Limitations & Future Work

  • The experiments only cover the Qwen3-VL series (2B/4B/8B) and lack cross-validation on the stability of \(q_T^*\) construction across LLaVA, InternVL, or Gemma architectures. Since vision-text fusion methods vary greatly across base models, the transferability of the conclusions requires further validation.
  • The concept of "pure-text context" in VLMs assumes the model can still provide a valid distribution without image tokens, which might not hold for architectures using learned image tokens or soft prompts (e.g., Q-Former inserted before word embeddings).
  • \(\gamma=2.0\), \(\lambda=0.01\), and threshold \(Q_{0.7}\) are empirical values. No scheme for automatic tuning based on student size is provided; in particular, the setting of \(\alpha\) during the RL phase might be strongly coupled with \(\gamma\).
  • Evaluation is currently limited to static image + math/logic reasoning tasks. The transferability of VGS to real-world multimodal dialogues or long-video understanding remains unknown.

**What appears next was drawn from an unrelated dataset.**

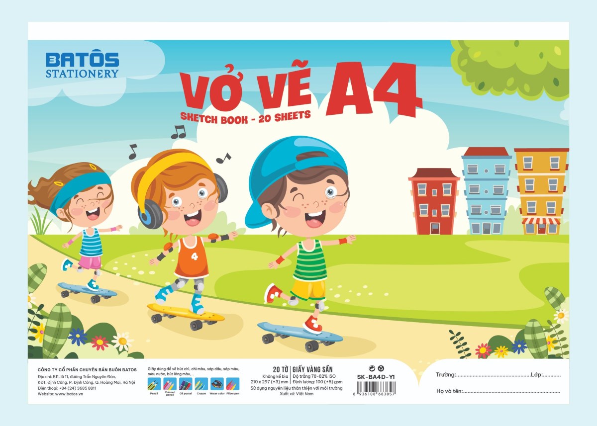 Vở Vẽ A4 BATOS STATIONNERY 20 Tờ SK-BA4D-Y1, Định Lượng 100gsm: Sản phẩm phù hợp cho học sinh tiểu học và trung học sử dụng trong giờ học vẽ. Việc sở hữu một cuốn vở vẽ chất lượng sẽ giúp họ phát triển trí tưởng tượng và kỹ năng hội họa, khám phá sự sáng tạo của bản thân mỗi ngày.

  • vs On-Policy Distillation (Agarwal et al., 2024): They proposed a pure-text distillation framework using Reverse KL + on-policy sampling; this work is a multimodal extension. The difference is the direct attack on the geometric flaws of monolithic KL rather than changing the KL type.

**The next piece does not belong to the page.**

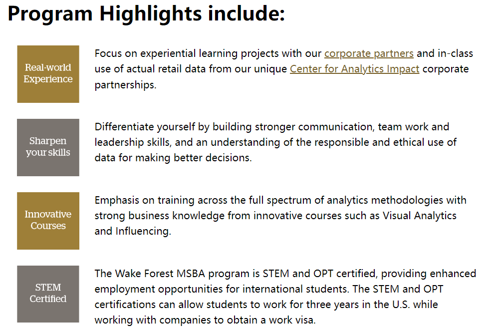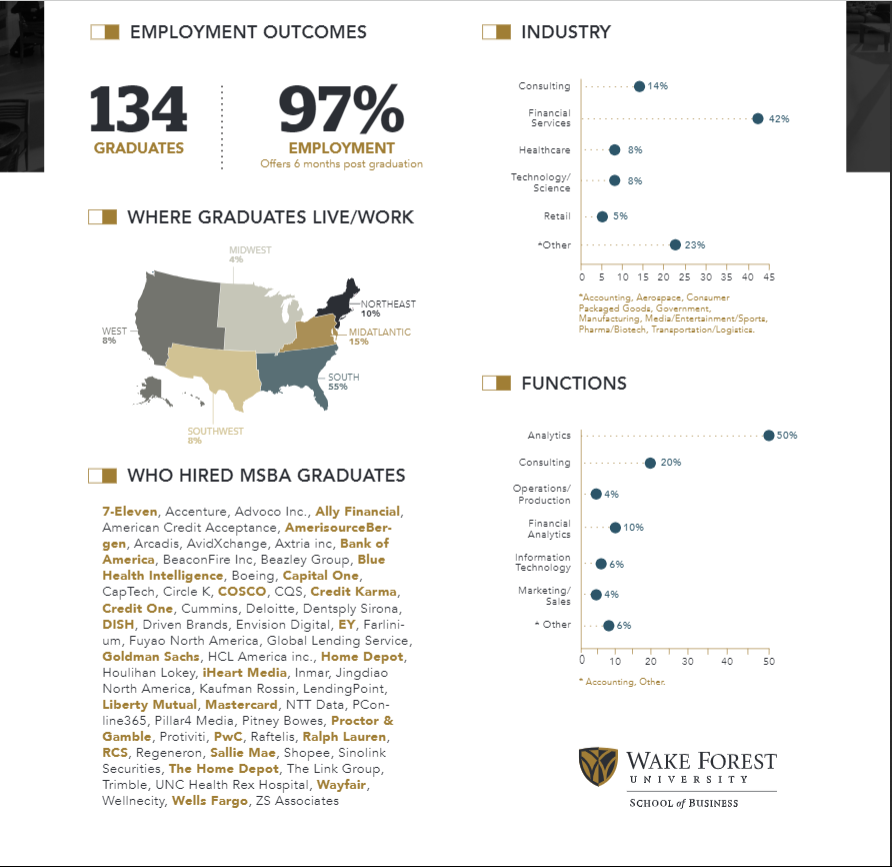 维克森林大学商业分析硕士课程的毕业生将具备顶级雇主所重视的适销对路的技能: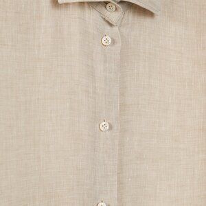 Made in Italy, this shirt from Loro Piana is crafted in an oatmeal linen, and features long sleeves, buttoned cuffs, a collared neckline, front button closures, and a rounded hem.

  • vs GradNorm / PCGrad / GradVac etc. multi-task gradient surgery: Traditional methods perform projection/re-weighting after per-task gradients are obtained. This work does not require per-task gradients (visual and language terms share the same tokens), incurs nearly zero overhead, and the directional correction is explicitly interpretable (always tilting toward \(\nabla\ell_{\text{Vis}}\)).
  • vs RLVR / GRPO: RL provides sparse outcome rewards while distillation provides dense token-level supervision; this work treats them as complementary. GRPO + VGS achieves implicit length regularization aligned with the teacher, which is more stable than the length explosion seen in pure GRPO.

Rating

  • Novelty: ⭐⭐⭐⭐⭐ Bayes decomposition + gradient orthogonal analysis is the first work in VLM distillation literature to explicitly separate language/vision to examine gradient geometry.
  • Experimental Thoroughness: ⭐⭐⭐⭐ Seven reasoning benchmarks + two student scales + GRPO hybrid training, though only covering one model family.
  • Writing Quality: ⭐⭐⭐⭐⭐ Clear derivations; geometric diagrams (Fig.3) and training dynamics plots (Fig.4) consistently support the core hypothesis.
  • Value: ⭐⭐⭐⭐ Can be integrated into existing on-policy distillation frameworks at almost zero cost, providing a plug-and-play boost for the small VLM training community.